In recent years, my lab has developed the study of allorecognition
in the colonial hydroid Hydractinia by generating
inbred and congenic lines, using them to identify a chromosomal
interval controlling allorecognition, and mapping this interval.
Current work includes positional cloning of two allorecognition
loci and studies of the mechanism generating the extraordinary
polymorphism in this interval.
Colony circulatory design
Colonial animals are typically comprised of repeated units
(polyps, zooids, and so on) connected to one another by a
system of quasi-vascular canals. These circulatory systems
differ in three major respects from the vertebrate circulatory
systems. In particular, the vascular canals of colonial animal
circulatory systems anastomose rather than dichotomously
branch, they often have multiple pumps driving the flow,
as opposed to a single heart, and flow is alternately bidirectional.
The colonial animal circulatory system is a microfluidic
design that reliably generates an ontogeny. My lab is interested
in how ontogeny is coupled to circulatory dynamics in the
colonial hydroids Hydractinia and Podocoryna.
Understanding of the system is derived from interplay between
a modeling effort and high resolution observations of circulation
patterns in living animals.
Placozoan biology
The Phylum Placozoa has been known for over a century,
but aside from a decade long research program in the 1970's
by the German protozoologist Karl Grell and his collaborators,
they have received relatively little attention.

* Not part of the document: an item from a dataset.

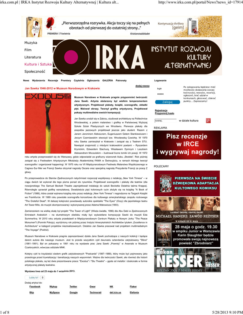 irka.com.pl | IRKA Instytut Rozwoju Kultury Alternatywnej | Kultura alt... 1 of 8 http://www.irka.com.pl/portal/News?news_id=17914 Muzyka Film Literatura Kultura i Sztuka Społeczność News Wydarzenia Recenzje Premiery Czytelnia Ogłoszenia GALERIA Patronaty Logowanie dodaj newsa Jan Sawka 1946-2012 w Muzeum Narodowym w Krakowie login ●●●●● Muzeum Narodowe w Krakowie pragnie przypomnieć twórczość Jana Sawki. Artysta obdarzony był wielkim temperamentem Po zalogowaniu będziesz mieć możliwośc dodawania swojej twórczości, newsów, recenzji, ogłoszeń, brać udział w konkursach, głosować, zbierać punkty... Zapraszamy! artystycznym. Projektował plakaty, książki, scenografie, okładki płyt. Malował obrazy. Tworzył grafikę artystyczną. Projektował pokazy multimedialne swoich kompozycji. Jan Sawka urodził się w Zabrzu, studiował architekturę na Politechnice Wrocławskiej, a potem malarstwo i grafikę w Państwowej Wyższej Szkole Sztuk Plastycznych we Wrocławiu. Pierwsze plakaty dla zespołów jazzowych projektował jeszcze jako student. Razem z Rejestracja Przypomnij hasło szukaj.. w dziale kultura REKLAMA Janem Jaromirem Aleksiunem, Eugeniuszem Getem Stankiewiczem i Jerzym Czerniawskim stworzyli tzw. Wrocławską Czwórkę. W 1970 roku Sawka zamieszkał w Krakowie i związał się z Teatrem STU. Nawiązał znajomość z młodymi krakowskimi poetami – Ryszardem Krynickim, Edwardem Stachurą, Wiesławem Dymnym i Leszkiem Aleksandrem Moczulskim – ilustrował liczne tomiki ich poezji. W 1972 roku artysta przeprowadził się do Warszawy, gdzie odpowiadał za graficzny wizerunek klubu „Stodoła”. Rok później związał się z Festiwalem Artystycznym Młodzieży Akademickiej FAMA w Świnoujściu, w ramach którego tworzył scenografie i organizował happeningi. W 1975 roku na VII Międzynarodowym Festiwalu Malarstwa Współczesnego w Cagnes‑Sur‑Mer we Francji Sawka otrzymał nagrodę Oscara oraz specjalną nagrodę Prezydenta Francji za pracę Z POLECAMY głowy. Po przeprowadzce do Stanów Zjednoczonych natychmiast rozpoczął współpracę z redakcją „New York Timesa” – w ciągu dwóch lat wykonał dla tego pisma ponad sto rysunków. Projektował scenografie i plakaty dla teatrów (dla nowojorskiego The Samuel Beckett Theatre zaprojektował instalację do sztuki Becketta Ostatnia taśma Krappa). Równolegle uprawiał grafikę warsztatową. Dwadzieścia pięć kolorowych rycin złożyło się na książkę "A Book of Fiction" (1986), która został wybrana książką roku przez redakcję „New York Timesa” i nagrodzona na Targach Książki we Frankfurcie. W 1989 roku powstała scenografia koncertowa dla kultowego amerykańskiego zespołu rockowego "The Grateful Dead". W dalszej kolejności powstawały autorskie spektakle "The Eyes" (Oczy) dla japońskiego teatru Art Tower Mito, do muzyki skomponowanej i wykonywanej przez Adama Makowicza (1993). Zamierzeniem na wielką skalę był projekt "The Tower of Light" (Wieża światła, 1996) dla Abu Dabi w Zjednoczonych Emiratach Arabskich – na stumetrowym obelisku miały być wyświetlane kompozycje Sawki do muzyki Eda Summerlina. W 2010 roku artysta przedstawił w Międzynarodowym Centrum Plakatu w Nowym Jorku "The Peace Monumen"t (Pomnik Pokoju), wyróżniony rok później przez Instytut Amerykańskich Architektów tytułem „Excellence in Architecture” w kategorii projektów niezrealizowanych. Ostatnio Jan Sawka pracował nad projektem multimedialnym "The Voyage" (Podróż). Muzeum Narodowe w Krakowie pragnie zaprezentować dzieła Jana Sawki pochodzące z naszych kolekcji i będące darem autora dla naszego muzeum. Jest to przede wszystkim cykl dwunastu sztandarów zatytułowany "Sfera" (1981–1991). Był on pokazany w 1991 roku na wystawie prac Jana Sawki „Powroty” w Arsenale w Muzeum Czartoryskich, wówczas oddziale MNK. Kolejny cykl to trzydzieści siedem grafik zatytułowanych "Postcards" (1987–1988), który może być pojmowany jako przestroga przed trywializacją i banalizacją naszych wspomnień. Ważne dla twórczości Sawki, ale również dla historii polskiego plakatu, są też dwie prezentowane prace: "Exodus" i "Stu Theatre" – gęste od metafor i doskonałe w formie artystycznej plakaty teatralne. Wystawa trwa od 23 maja do 1 września 2013. Lubię to! 0 Dodaj artykuł do: Facebook Wykop Twitter Gwar NK Flaker Blip MySpace Google Technorati del.icio.us Elefanta 5/28/2013 9:10 PM irka.com.pl | IRKA Instytut Rozwoju Kultury Alternatywnej | Kultura alt... 2 of 8 (dodano 30.04.13, autor: paulinaedguy) http://www.irka.com.pl/portal/News?news_id=17914 Dział kultura i sztuka Tagi: Jan Sawka, Muzeum Narodowe w Krakowie zgłoś nadużycie KOMENTARZE: Aby dodać komentarz musisz się zalogować 5/28/2013 9:10 PM irka.com.pl | IRKA Instytut Rozwoju Kultury Alternatywnej | Kultura alt... 3 of 8 http://www.irka.com.pl/portal/News?news_id=17914 5/28/2013 9:10 PM irka.com.pl | IRKA Instytut Rozwoju Kultury Alternatywnej | Kultura alt... 4 of 8 http://www.irka.com.pl/portal/News?news_id=17914 5/28/2013 9:10 PM irka.com.pl | IRKA Instytut Rozwoju Kultury Alternatywnej | Kultura alt... 5 of 8 http://www.irka.com.pl/portal/News?news_id=17914 Oferty pracy SPOŁECZNOŚĆ ARTYSTYCZNIE ZAKRĘCONA Instytut Rozwoju Kultury Alternatywnej IRKA Like 2,770 people like Instytut Rozwoju Kultury Alternatywnej IRKA. Facebook social plugin NEWSLETTER Pomóż nam rozwijać IRKĘ i zaprenumeruj nieinwazyjny (wysyłany raz w miesiącu) i bezpłatny e-magazyn. Jeśli chcesz otrzymywać newsletter, zarejestruj się w IRCE i zaznacz opcję "Chcę otrzymywać newsletter" lub wyślij maila o temacie "NEWSLETTER" na adres: irka(at)irka.com.pl UTWORY OSTATNIO DODANE Muzyka Film Literatura Kultura i sztuka Utwór Od 1. Sprzymierzeniec blackrose 5/28/2013 9:10 PM irka.com.pl | IRKA Instytut Rozwoju Kultury Alternatywnej | Kultura alt... 6 of 8 2. Podaruję Ci litwin 3. test gif amigo 4. Primavera_AW annapolis

This is odd
in that placozoans are the simplest free-living invertebrate
known, comprised of only four cell types.
We have devoted considerable attention in recent years
in developing the placozoan Trichoplax adhaerens as
a model system. Recent work has established that placozoans
are the basal animal phyla, that placozoans have sex and
that placozoans are a diverse rather than monotypic phyla.
We are a collaborator on the Trichoplax genome project
and have a large Trichoplax EST program underway in
collaboration with DOE JGI.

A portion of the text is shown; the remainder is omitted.